Maybe the final question.

Maddalena Delma Caiati

Analysts
#91

Delma Caiati from Guggenheim. Thank you for this great event, really insightful. So Dr. Maselli was making a very interesting point about some subtypes not responding to acetylcholinesterase inhibitors. How well is that understood? Like is it associated to specific genetic subtype first and what is the mechanism underlying that? Is it associated to the down regulation of the muscarinic receptor -- to the acetylcholinesterase receptors themselves? And is there any risk that activating MuSK can over long term lead to a similar risk, similar effect? That's the first question. And then if I may, on SMA. For the study, are you targeting both type 2 and type 3 patients?

Tim Van Hauwermeiren

Executives
#92

Two great questions. I'm so happy we have the experts here to answer question #1.

Ricardo Maselli, M.D.

Attendees
#93

Yes, I will take only the first one because I don't -- so yes, there is a condition that is actually the first congenital myasthenic syndrome described completely 50 years ago by Dr.

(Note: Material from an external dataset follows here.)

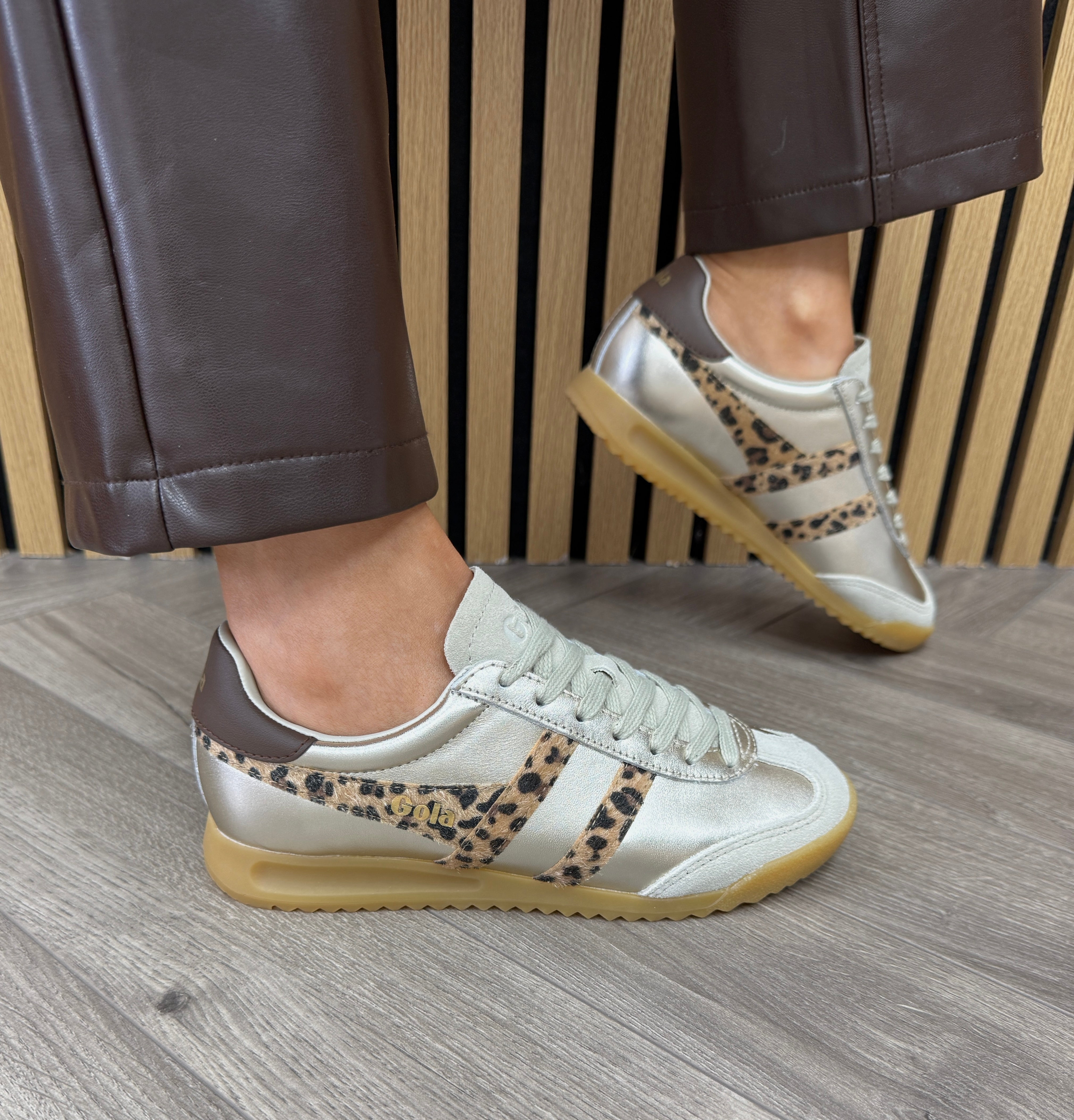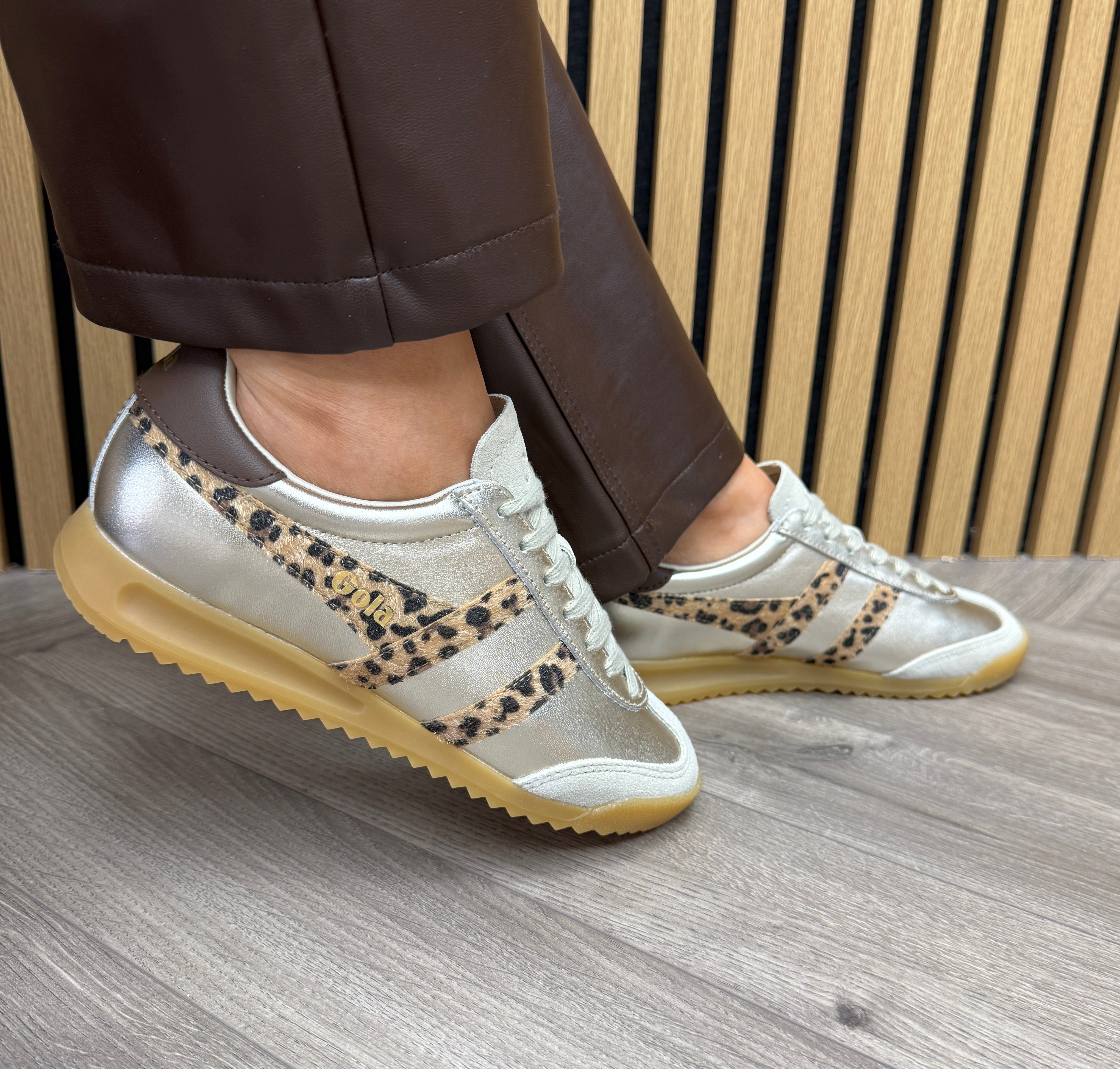 Gola (SS26) ‘Torpedo Glimmer Safari’ CLB856 Metallic Gum Sole Trainer with Leopard Print - Gold/Leopard/DarkBrown (GO7)
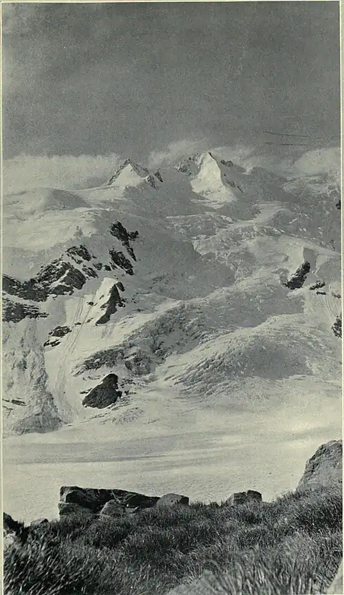 On January 6th the weather seemed to have definitely cleared, so we set out for the Ball hut, accompanied by Peter Graham. We reached the hut the same evening, just in time to climb up the wall of Moraine that shuts out the view, and see the last glories of the sunset. In the quivering air of the midsummer evening the strange black waves of moraine, tipped here and there with crests of white ice, seemed really to undulate like some uncanny sea. Beyond their black depths shimmered mile after mile of pure white ice, which rose in a grand curve at the ice-fall and swept round the base of Mount de la Beche and the Minarets and on to the head of the glacier; here they lost themselves in the rounded softness of the Hochstetter Dome. In contrast with the white of snow-clad peaks and curving glaciers, Mount Malte Brun reared its great rock ridge from the crevassed ice at its base, and towered up with crag after jagged crag outlined sharp against the ever-changing evening sky. As the sun disappeared into Westland its last rays dyed the black pyramid to a glowing mass of molten copper, till one could but believe that some volcanic fire was welling up from the unseen heart beneath. We watched till the last vestige of colour faded and the surrounding mountains turned grey and cold, and then scrambled down to the hut, and thoroughly enjoyed the evening meal which Graham had been preparing while we absorbed the beauties of nature.

Engel was deficiency of cholinesterase, in other words, you don't have the cholinesterase, as it turned out it is not due to a defect of the gene of the cholinesterase but the gene that holds the cholinesterase at the end plate. And that gene is called COLQ, okay? So the deficiency of COLQ is a very well-established congenital myasthenic syndrome that evidently doesn't respond to inhibitor of the acetylcholinesterase because they don't have acetylcholinesterase to start with. So this is a condition that is being treated, and there is a well-established linkage to a gene defect, but the other condition that Steve mentioned, LRP4, agrin, MuSK and DOK7, those do not respond to -- the only medication that we have available is salbutamol. Salbutamol is a medication -- it's not an approved medication, but it's a medication that is effective. We actually don't know exactly the mechanism how those patients respond, but this is the only medication that is available. So I don't have any comments about the other component.

Tim Van Hauwermeiren

Executives
#94

Thank you so much, Ricardo. We need to be respectful all of time. We're going to close the formal session here today. The experts are here in this section. We have drinks, so what I would suggest we do next is we close the formal session. We go into the mix and mingle, and you really use the opportunity to talk to the experts and continue with Q&A, okay? Thank you so much.